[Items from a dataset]

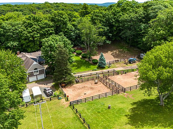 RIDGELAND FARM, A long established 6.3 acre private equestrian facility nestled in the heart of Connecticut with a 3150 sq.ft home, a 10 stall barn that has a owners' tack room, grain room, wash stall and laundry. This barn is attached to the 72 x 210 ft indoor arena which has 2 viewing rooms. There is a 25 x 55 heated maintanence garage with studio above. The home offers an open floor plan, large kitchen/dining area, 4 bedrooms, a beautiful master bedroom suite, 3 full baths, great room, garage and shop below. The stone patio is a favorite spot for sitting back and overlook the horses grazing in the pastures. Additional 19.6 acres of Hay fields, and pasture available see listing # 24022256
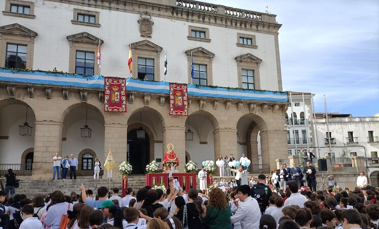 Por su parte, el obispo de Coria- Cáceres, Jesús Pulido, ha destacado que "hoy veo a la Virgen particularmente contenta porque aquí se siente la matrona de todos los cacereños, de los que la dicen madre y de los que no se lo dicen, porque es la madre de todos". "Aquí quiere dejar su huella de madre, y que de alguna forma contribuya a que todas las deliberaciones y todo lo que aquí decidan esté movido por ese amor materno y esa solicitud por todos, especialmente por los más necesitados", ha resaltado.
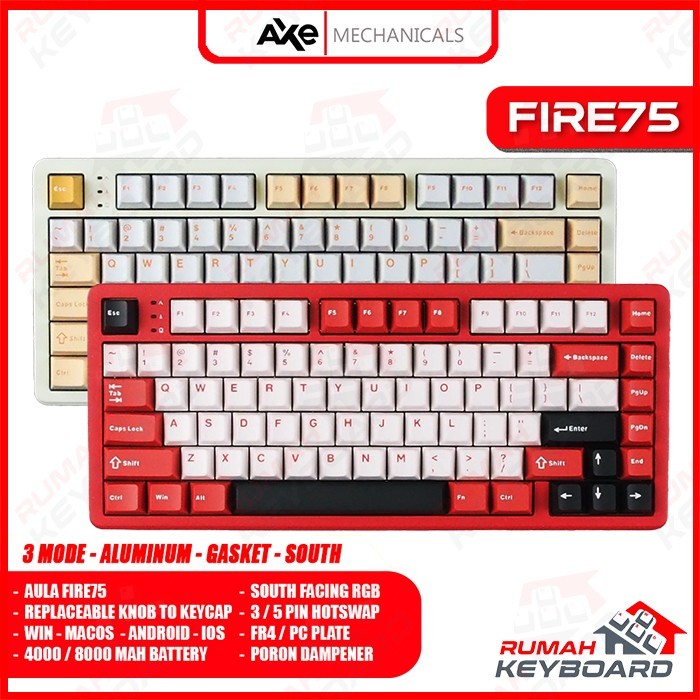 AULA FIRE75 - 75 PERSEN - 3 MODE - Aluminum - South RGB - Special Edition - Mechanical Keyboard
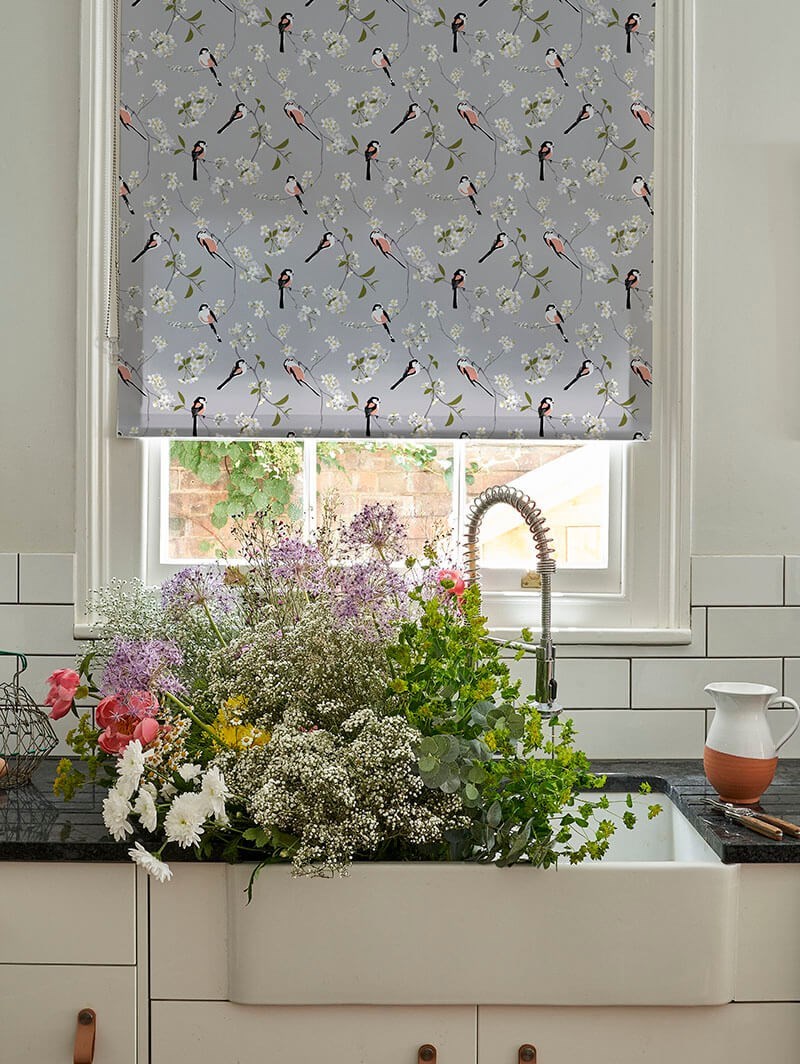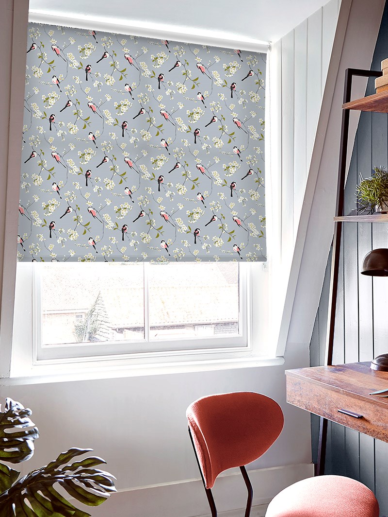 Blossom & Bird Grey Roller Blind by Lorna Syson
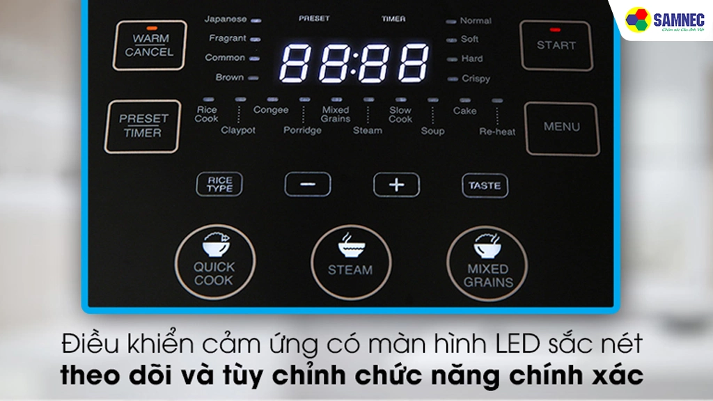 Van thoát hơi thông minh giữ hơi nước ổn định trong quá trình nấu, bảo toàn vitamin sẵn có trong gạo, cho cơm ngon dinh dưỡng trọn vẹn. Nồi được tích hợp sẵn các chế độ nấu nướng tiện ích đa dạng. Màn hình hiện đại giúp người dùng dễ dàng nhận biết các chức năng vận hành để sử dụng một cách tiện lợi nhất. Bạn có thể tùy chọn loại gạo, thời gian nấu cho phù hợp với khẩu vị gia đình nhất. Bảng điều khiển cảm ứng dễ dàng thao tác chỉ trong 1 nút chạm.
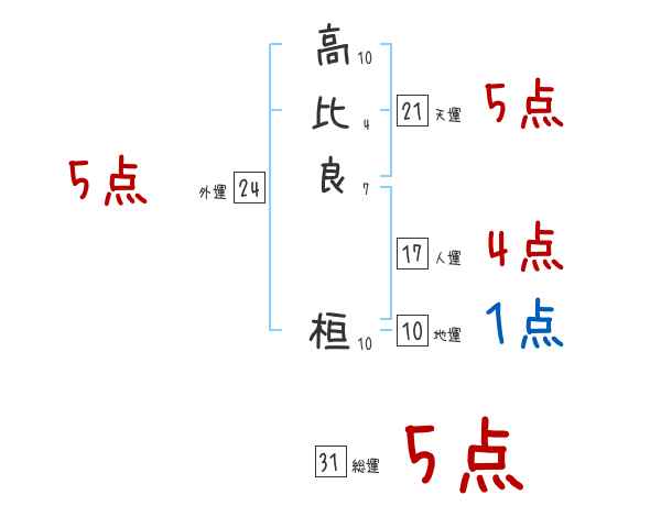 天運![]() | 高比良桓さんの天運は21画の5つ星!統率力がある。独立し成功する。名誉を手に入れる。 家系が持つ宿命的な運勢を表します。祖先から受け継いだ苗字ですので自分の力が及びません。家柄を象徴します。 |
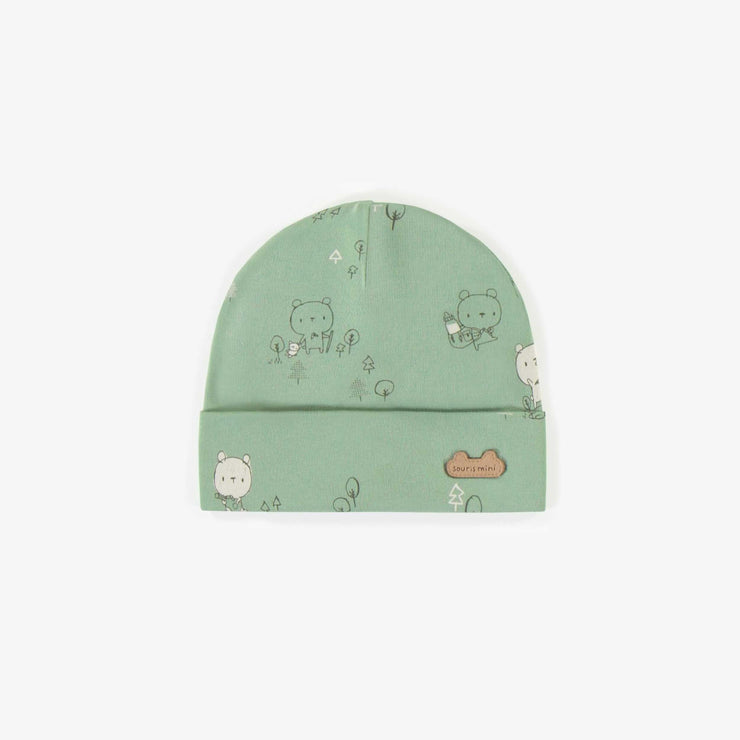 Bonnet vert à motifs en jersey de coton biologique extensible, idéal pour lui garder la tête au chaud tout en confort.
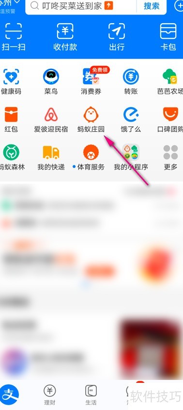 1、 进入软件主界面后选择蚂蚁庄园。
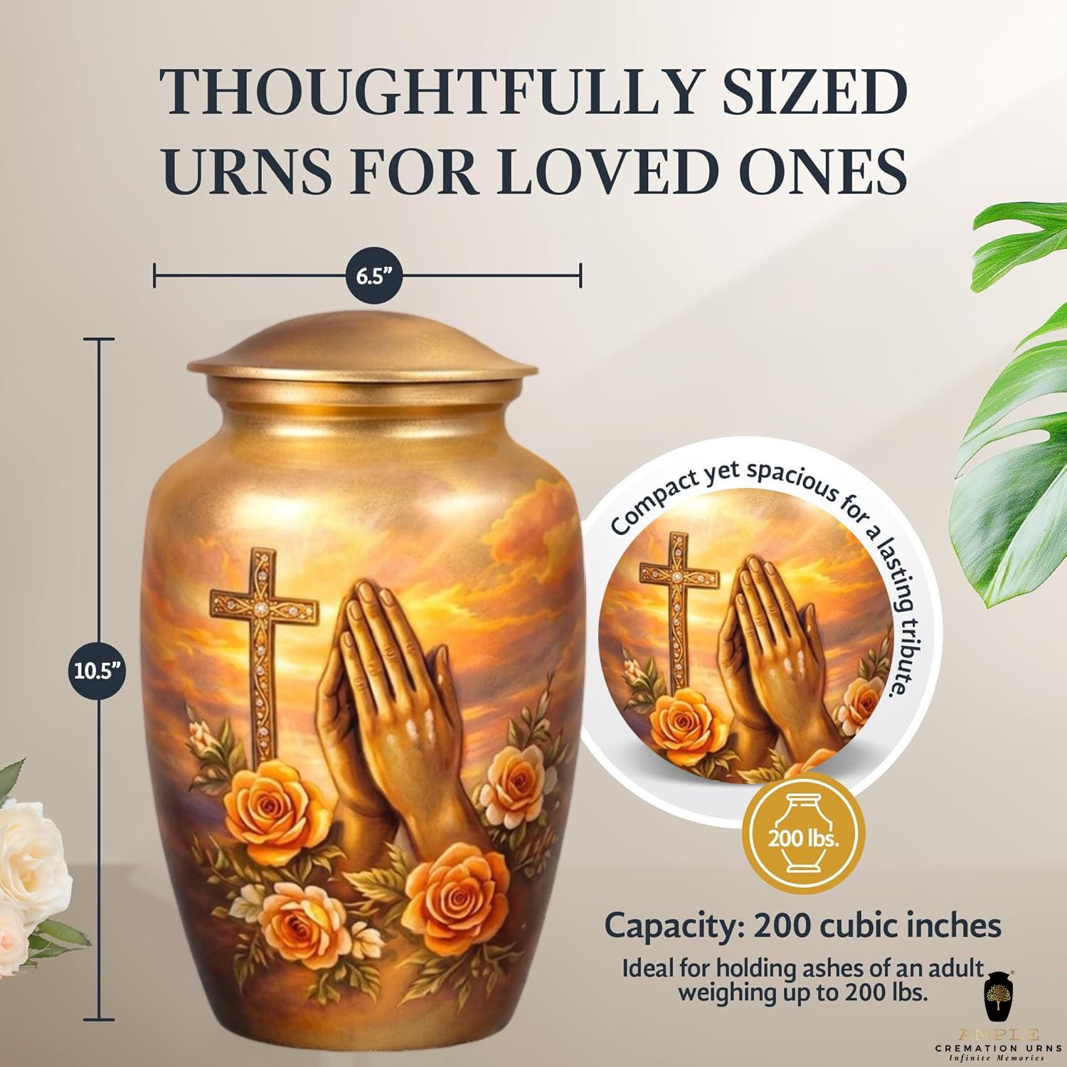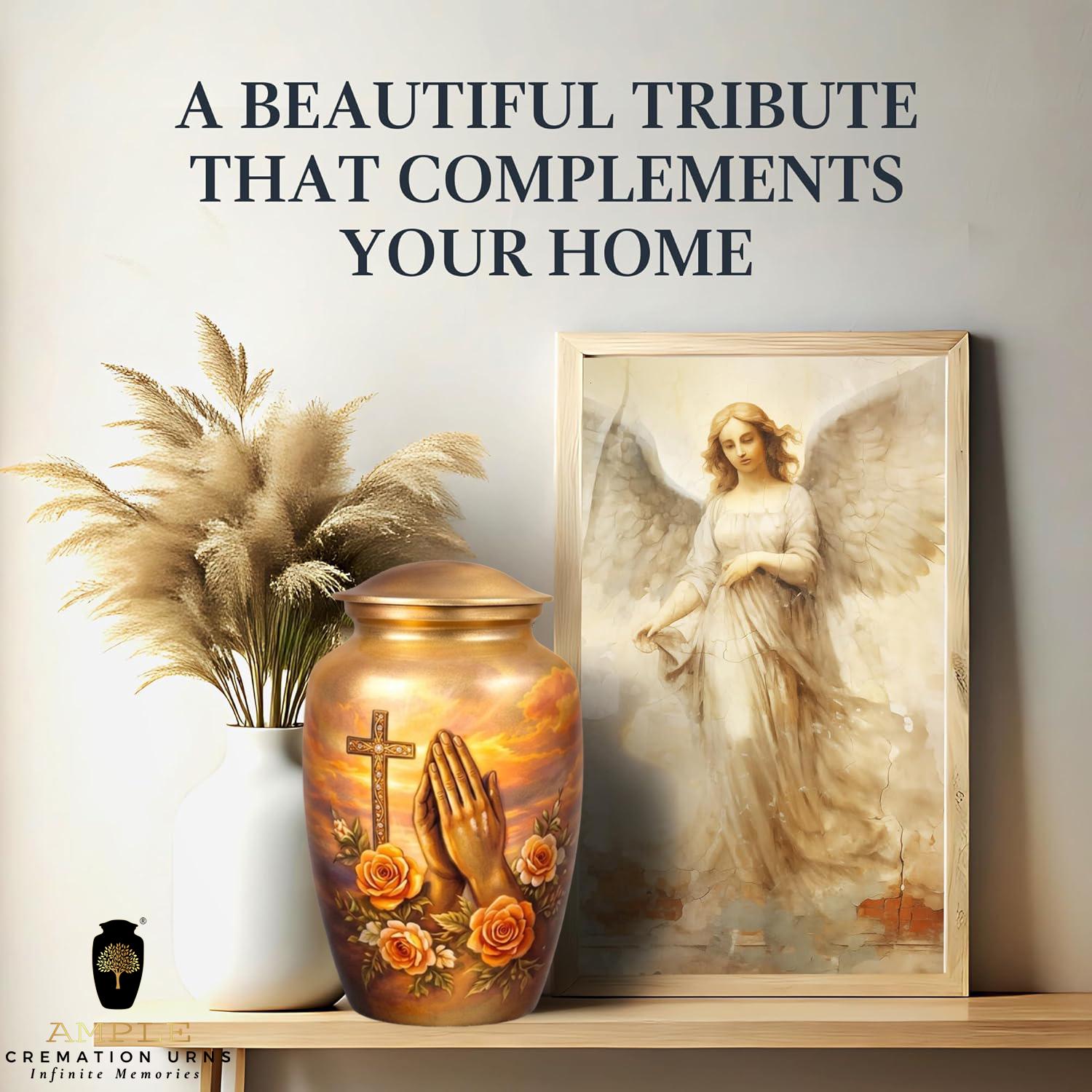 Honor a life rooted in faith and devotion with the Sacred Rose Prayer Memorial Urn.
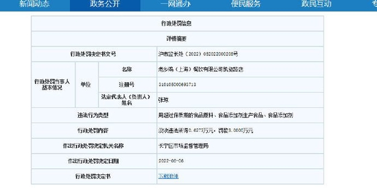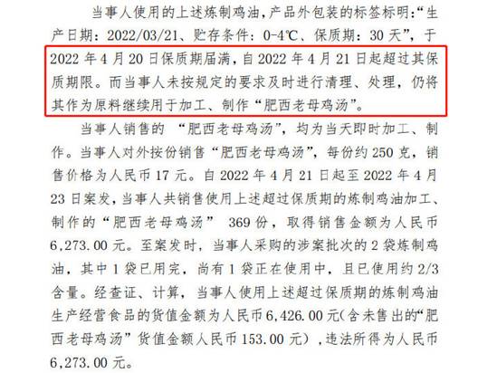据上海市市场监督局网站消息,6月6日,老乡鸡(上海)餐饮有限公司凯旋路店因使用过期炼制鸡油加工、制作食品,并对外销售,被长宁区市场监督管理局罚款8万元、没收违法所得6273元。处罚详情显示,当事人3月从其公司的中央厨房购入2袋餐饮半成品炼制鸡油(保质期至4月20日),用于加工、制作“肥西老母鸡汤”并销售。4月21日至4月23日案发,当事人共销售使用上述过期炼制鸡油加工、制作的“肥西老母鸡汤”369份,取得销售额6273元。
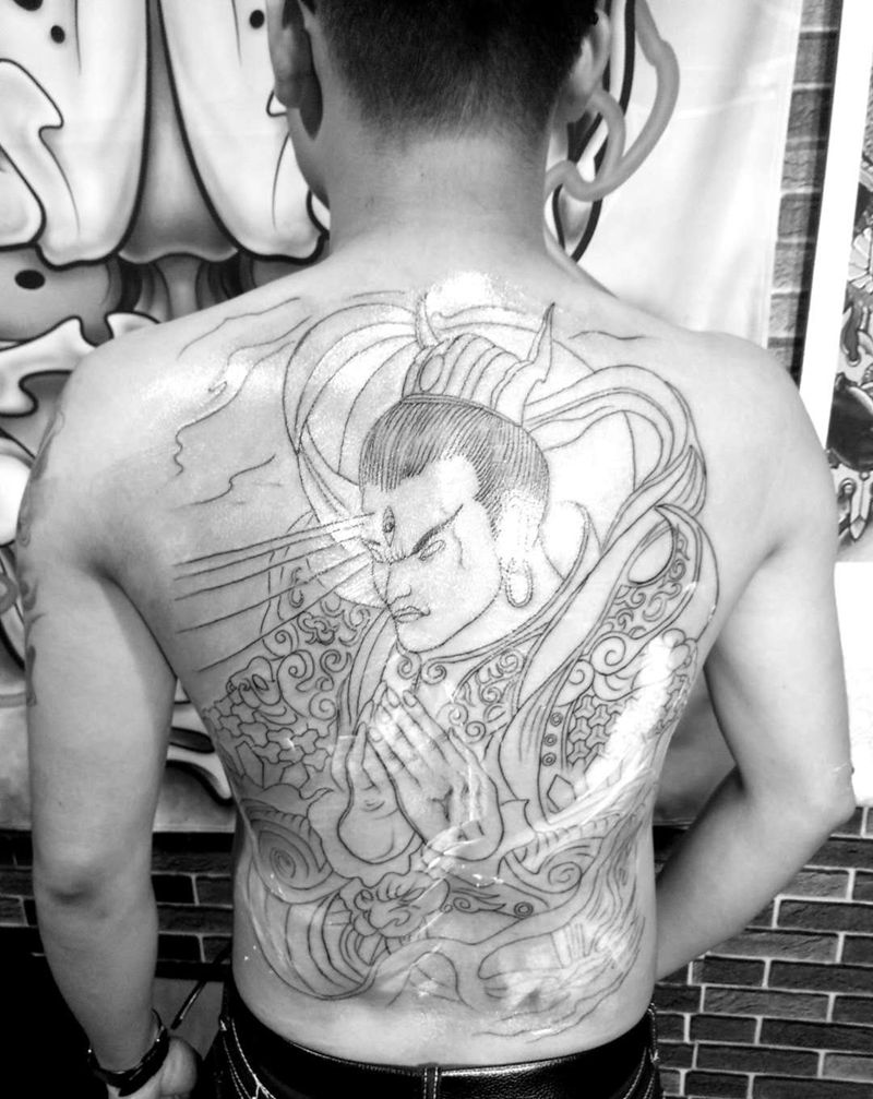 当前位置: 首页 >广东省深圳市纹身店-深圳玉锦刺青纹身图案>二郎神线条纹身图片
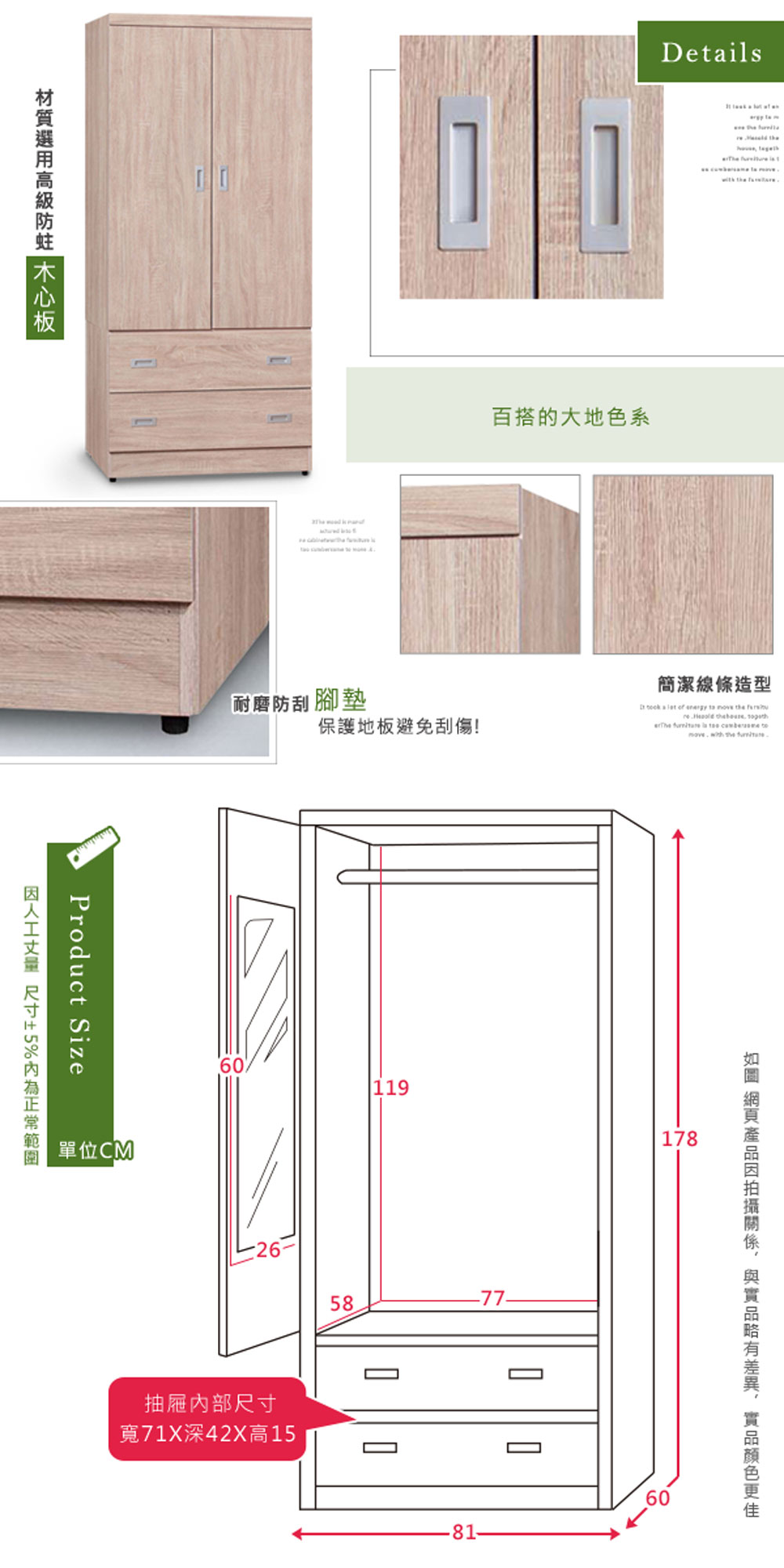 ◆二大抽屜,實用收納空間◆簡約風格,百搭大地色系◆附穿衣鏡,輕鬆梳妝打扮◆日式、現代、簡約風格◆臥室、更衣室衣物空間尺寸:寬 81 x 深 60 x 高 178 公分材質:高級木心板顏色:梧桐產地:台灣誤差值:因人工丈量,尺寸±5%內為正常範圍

__TRY IT__
What do the entries above read from the line containing "Van thoát hơi" through the line containing "天運![]() | 高比良桓さんの天運は21画の5つ星!統率力がある。独立し成功する。名誉を手に入れる。"? Output those lines exactly, both ends included, with the pictures left out.

__SOLUTION__
 Van thoát hơi thông minh giữ hơi nước ổn định trong quá trình nấu, bảo toàn vitamin sẵn có trong gạo, cho cơm ngon dinh dưỡng trọn vẹn. Nồi được tích hợp sẵn các chế độ nấu nướng tiện ích đa dạng. Màn hình hiện đại giúp người dùng dễ dàng nhận biết các chức năng vận hành để sử dụng một cách tiện lợi nhất. Bạn có thể tùy chọn loại gạo, thời gian nấu cho phù hợp với khẩu vị gia đình nhất. Bảng điều khiển cảm ứng dễ dàng thao tác chỉ trong 1 nút chạm.
 天運![]() | 高比良桓さんの天運は21画の5つ星!統率力がある。独立し成功する。名誉を手に入れる。 家系が持つ宿命的な運勢を表します。祖先から受け継いだ苗字ですので自分の力が及びません。家柄を象徴します。 |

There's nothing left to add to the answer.